Terminada, pues, la historia de Dioneo, por vergüenza menos reída de las señoras que por poca diversión, y conociendo la reina que había llegado el fin de su gobierno, poniéndose en pie y quitándose la corona de laurel se la puso en la cabeza a Elisa, diciéndole:
—A vos, señora, os corresponde ahora mandar.
Elisa, recibiendo el honor, como antes había sido hecho hizo: que, disponiendo con el senescal primeramente lo que era preciso para el período de su señorío, con contento de la compañía dijo:
—Ya hemos oído muchas veces que con palabras ingeniosas o con respuestas prontas muchos han sabido con la reprimenda merecida limar los dientes ajenos o evitar los peligros que se cernían sobre ellos; y porque la materia es buena y puede ser útil, quiero que mañana, con la ayuda de Dios, se discurra dentro de estos límites: es decir, sobre quien con algunas palabras ingeniosas se vengase al ser molestado, o con una pronta respuesta o algún invento escapase a la perdición o al peligro o al desprecio.
Esto fue muy alabado por todos, por lo cual la reina, poniéndose en pie les dio licencia a todos hasta la hora de la cena.
La honrada compañía, viendo a la reina levantada, se puso en pie y según la costumbre, cada uno se entregó a lo que más le gustaba. Pero al callar ya las cigarras, llamando a todos, se fueron a cenar; y terminada con alegre fiesta a cantar y a tocar todos se entregaron. Y habiendo ya, por deseo de la reina, comenzado Emilia una danza, a Dioneo le mandaron que cantase una canción, el cual prestamente comenzó: «Doña Aldruda, levantaos la cola, que buenas nuevas os traigo». De lo que todas las señoras comenzaron a reírse, y máximamente la reina, la cual le mandó que dejase aquélla y dijese otra.
Dijo Dioneo:
—Señora, si tuviese un cimbalo diría: «Alzaos las ropas, doña Lapa» o «Bajo el olivo hay hierba». ¿O querríais que cantase: «Las olas del mar me hacen tanto daño»? Pero no tengo címbalo, y por ello decidme cuál queréis de estas otras: ¿os gustaría: «Sal fuera que está podado como un mayo en la campiña»?
Dijo la reina:
—No, di otra.
—Pues —dijo Dioneo—; diré: «Doña Simona embotella embotella; y no es el mes de octubre».
La reina, riendo, dijo:
—¡Ah, en mala hora!, di una buena, si te place, que no queremos ésa.
Dijo Dioneo:
—No, señora, no os enojéis, pero ¿cuál os gusta? Sé más de mil. ¿O que reís: «Éste mi nicho, si no lo pico» o «¡Ah, despacio, marido mío!» o «Me compraré un gallo de cien liras»?

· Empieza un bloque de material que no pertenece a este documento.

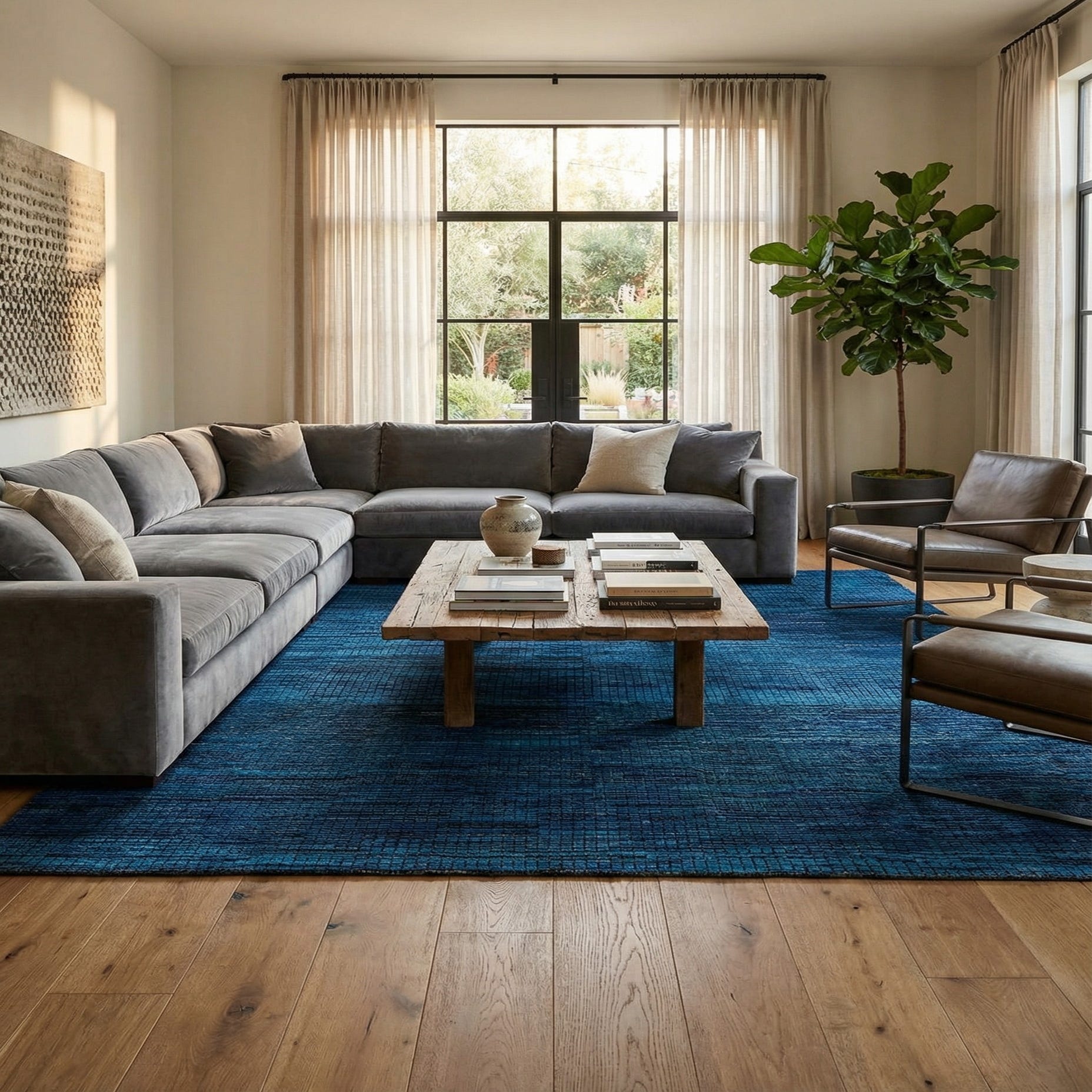 Primary color is Blue. Colors in this rug include: Blue, Black.
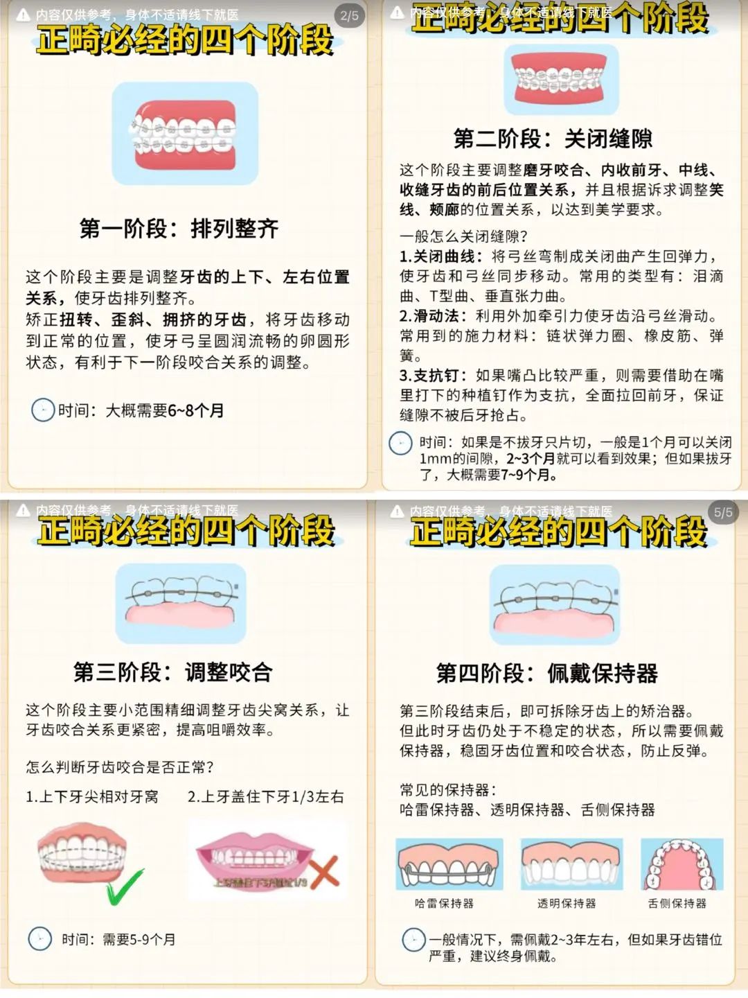治疗时,治疗周期最长的正畸通常需要两年以上,期间需要复诊40到60次。前者是因为牙齿的移动本身就很缓慢,后者是因为整个治疗过程充满了变数,严重的会有牙齿脱落风险,轻微的有牙周炎,蛀牙等口腔问题,这些都需要依靠高频的复诊去预防和治疗。
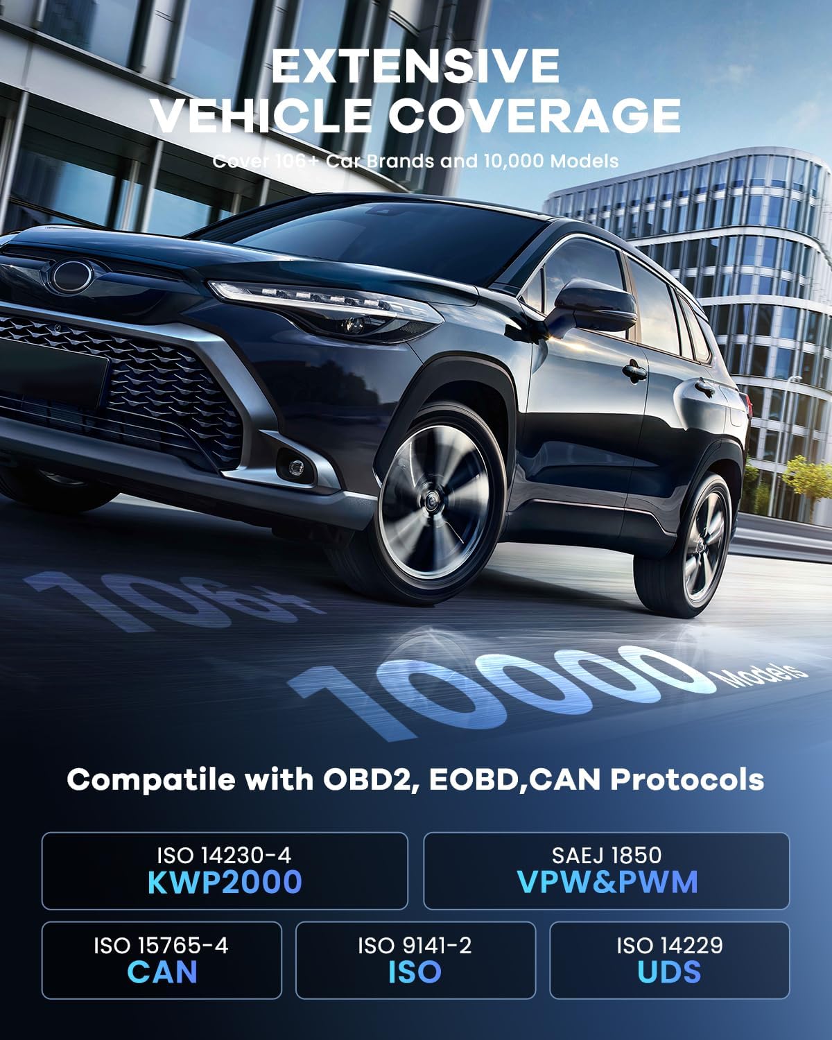 [Worldwide Compatibility & Wireless Update]The scan tool can automatically identify vehicle information with auto VIN and starts auto-diagnose process, and it works on most OBDII-compliant vehicles worldwide in US, Europe, Asia, Africa, Australia for 12V cars,SUV,light truck, hybrids, and even roadster, automatically generate diagnostic report for further analysis. FCA AutoAuth(The scanner does not include an FCA account and you need to register it yourself)
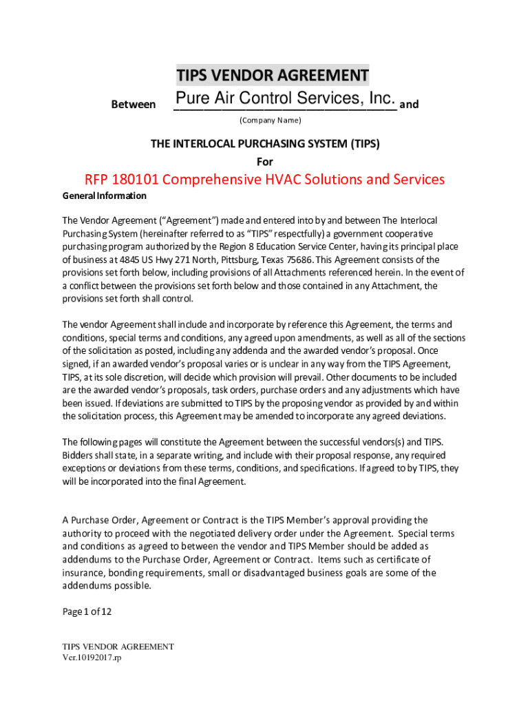 TIPS VENDOR AGREEMENT BetweenPure Air Control Services, Inc. and ___ (Company Name)THE INTERLOCK PURCHASING SYSTEM (TIPS) For RFP 180101 Comprehensive HVAC Solutions and Services General Information
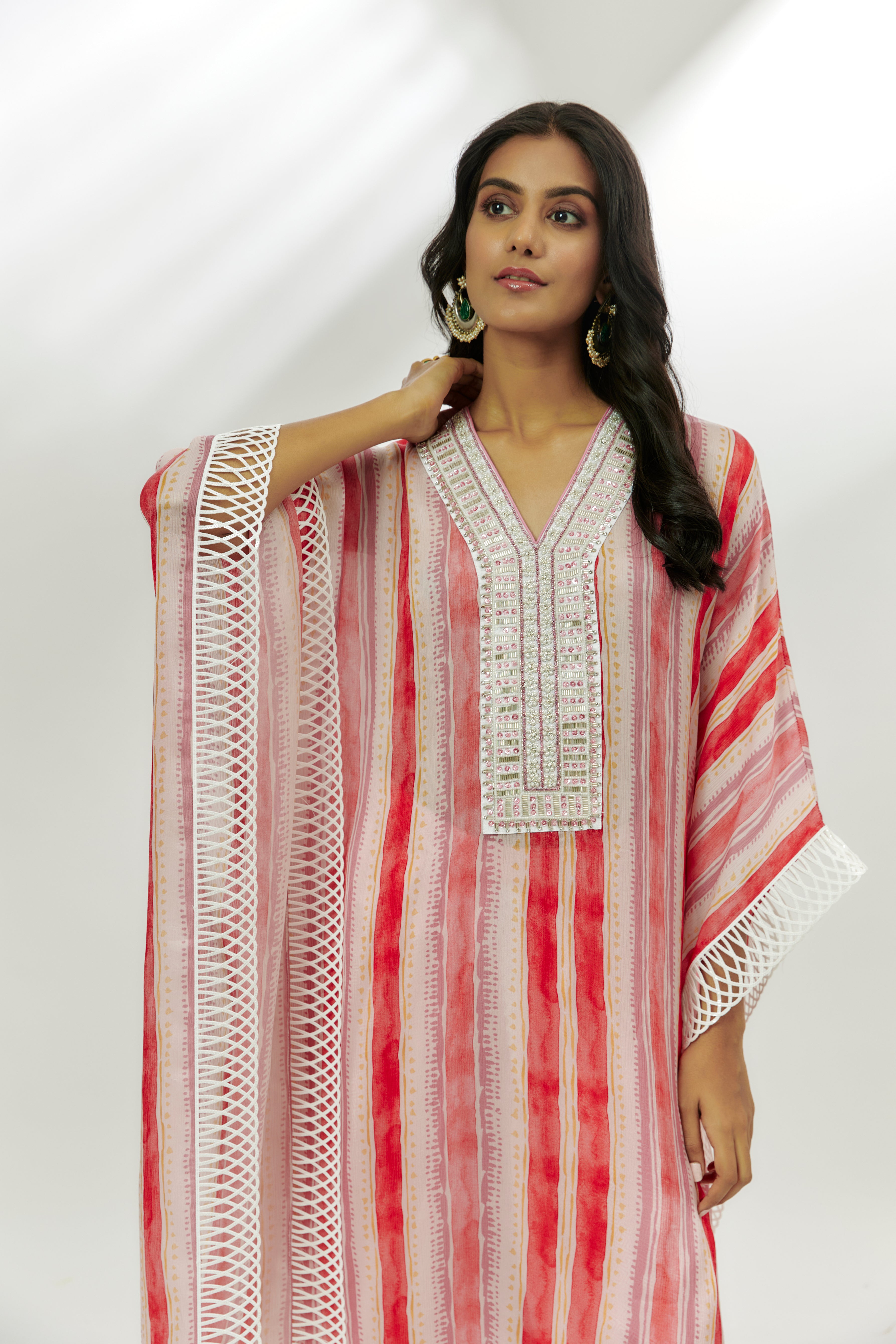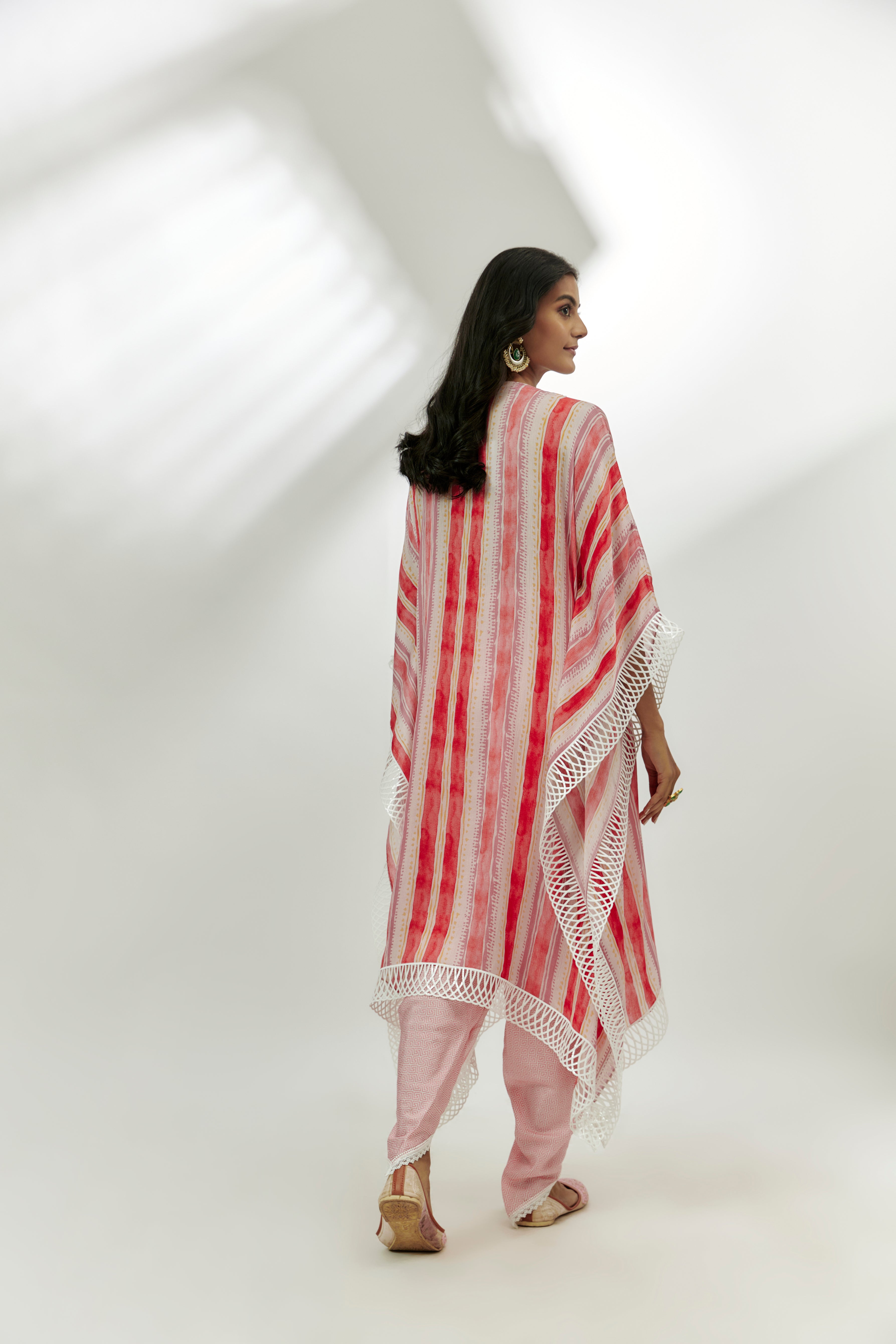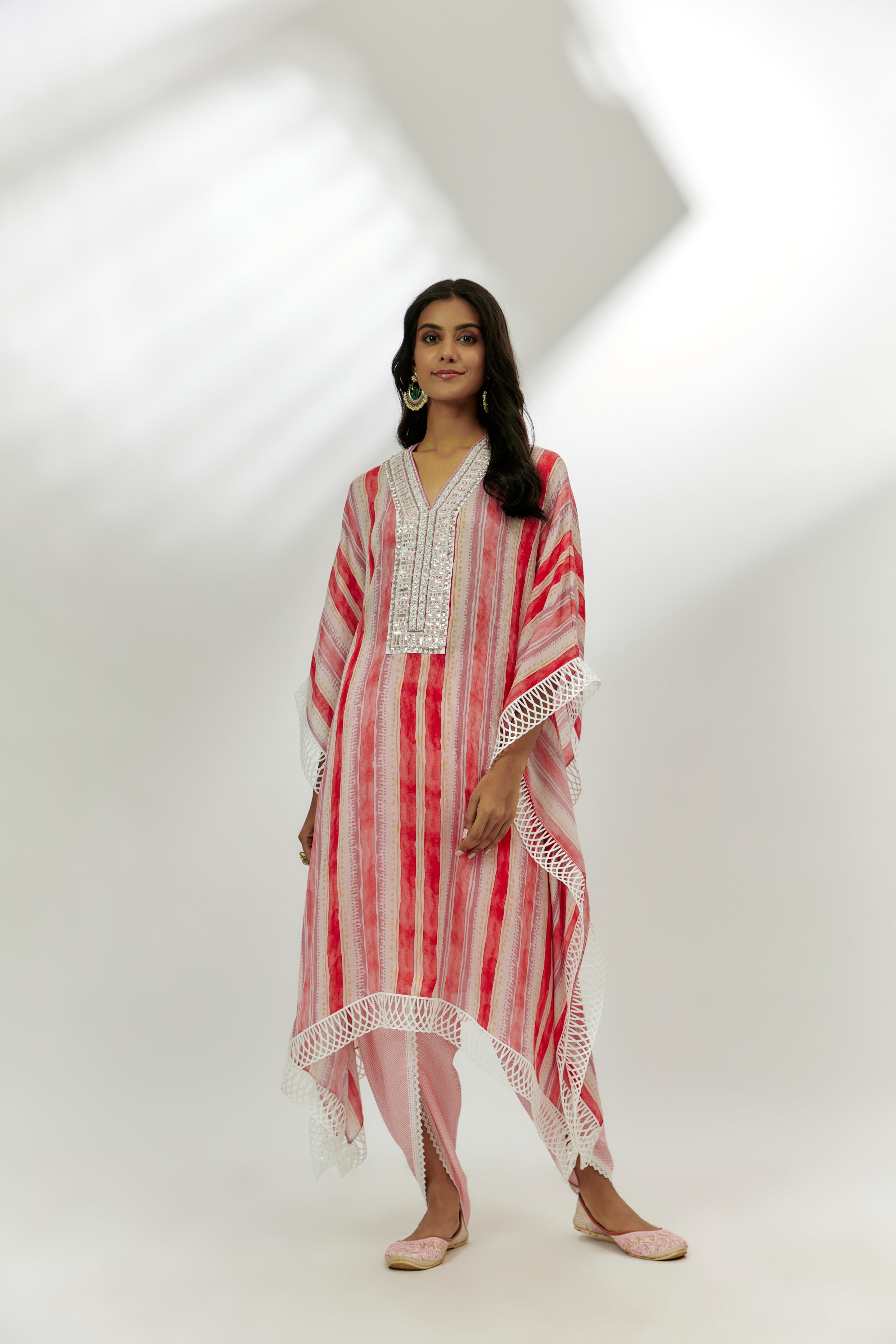 Featuring a pastel pink kaftan in cotton crush base with stripe print and sequins embroidery. It is paired with dupion dhoti pants. Accentuate with minimal jewellery and heels for a festive occasion.
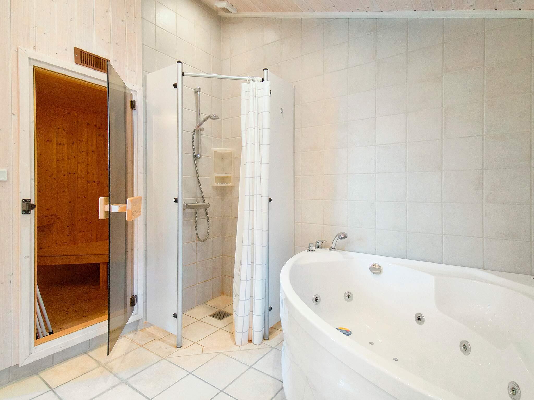 Sommerhus beliggende i et lukket område og ikke langt til den nærliggende strand. Huset er indrettet med to badeværelser, hvor der i det ene er adgang til 2-personers spabad og sauna til 4 personer. Stort køkken/alrum. Endvidere 3 velindrettede soverum med skabsplads. Der er hems, hvor der er mulighed for opredning til 2 personer. Når vejret tillader det, har I mulighed for at nyde vejret på terrasserne.
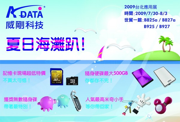 威剛科技(A-DATA),將在七月底登場的台北應用展上與你見面!威剛今年推出多項免費好康和產品優惠促銷方案,準備讓消費者雙手滿載而歸!威剛將以免費超值好禮回饋長期以來支持威剛的消費者。多元化的產品促銷優惠方案,讓你將最新隨身碟系列、外接式硬碟、超高速高容量記憶卡以及超可愛迪士尼系列商品通通帶回家!只要來威剛科技攤位,絕對拿好康、搶便宜,給你殺很大的透心涼!
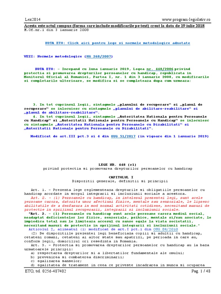Dispoziţii generale, definiţii şi principii 448 din 6 decembrie 2006, republicată*), privind protecția și promovarea drepturilor persoanelor cu handicap (lege actualizată până la 01.02.2018) a. 448/2006 privind protecţia şi promovarea drepturilor persoanelor cu handicap a fost publicată în monitorul oficial al româniei, partea i, nr.
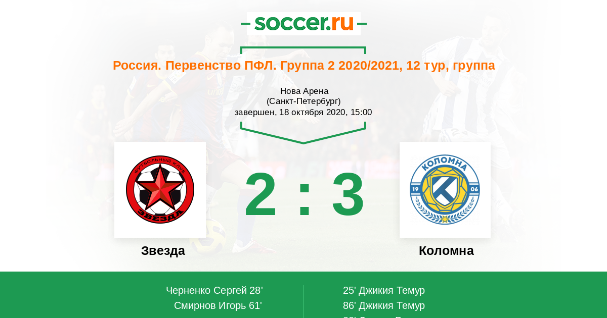 Звезда - Коломна: обзор матча 18 октября 2020
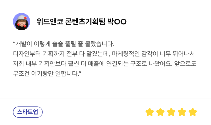 · 마케팅 출신 CEO와 전문 마케터 팀이 기획 단계부터 참여
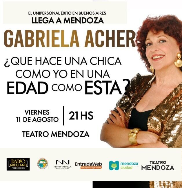 Ahora Gabriela Acher presenta su exitoso unipersonal, donde nadie puede para de reír presentando su nuevo espectáculo ¿Qué hace una chica como yo en una edad como esta?
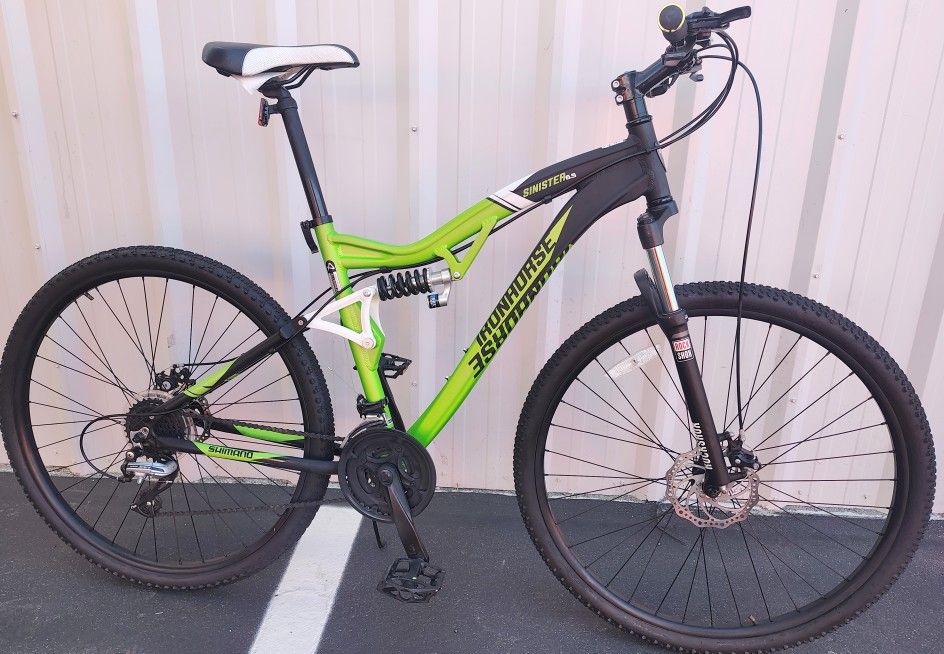Iron horse sinister 6.5 neon full suspension coil 270 Rockshocks 100mm. 24 speed all terrain tires 29 " disc brakes works good new condition

La reina entonces, un tanto enojada, aunque las demás riesen, dijo:
—Dioneo, deja las bromas y di una buena; y si no, podrías probar cómo sé enojarme.
Dioneo, oyendo esto, dejando las bromas, prestamente de tal guisa empezó a cantar:
Amor, la hermosa luz con que sus bellos ojos me han herido a ella y a ti me tiene ya rendido.
De sus ojos se mueve el esplendor con que mi corazón a arder se ha puesto por los míos pasando, y cuánto fuese grande tu valor su bello rostro me hizo manifiesto, el cual, imaginando, sentí que me iba atando todo poder, y que a ella era ofrecido, y ésta la causa de mi llanto ha sido.
Así pues, en tu siervo transformado estoy, señor, y así obediente espero que me seas clemente; mas no sé si del todo ha adivinado mi fe entera y ferviente aquella que mi mente posee, que la paz, si no ha venido de ella no quiero, y nunca la he querido.
Por eso, señor mío, yo te ruego que, al mostrárselo, la hagas tú sentir tu fuego en su costado para servirme, porque yo en tu fuego amando me consumo, y de sufrir me siento ya postrado; y, cuando tú lo creas acertado, dale razón de mí como es debido; que me veré, si lo haces, complacido.
Luego de que Dioneo, callando, mostró que su canción había terminado, hizo la reina decir muchas otras, sin dejar de haber alabado mucho la de Dioneo. Mas luego que parte de la noche hubo pasado, la reina, sintiendo que al calor del día había vencido la frescura de la noche, mandó que todos, hasta el día siguiente, se fuesen a descansar a gusto.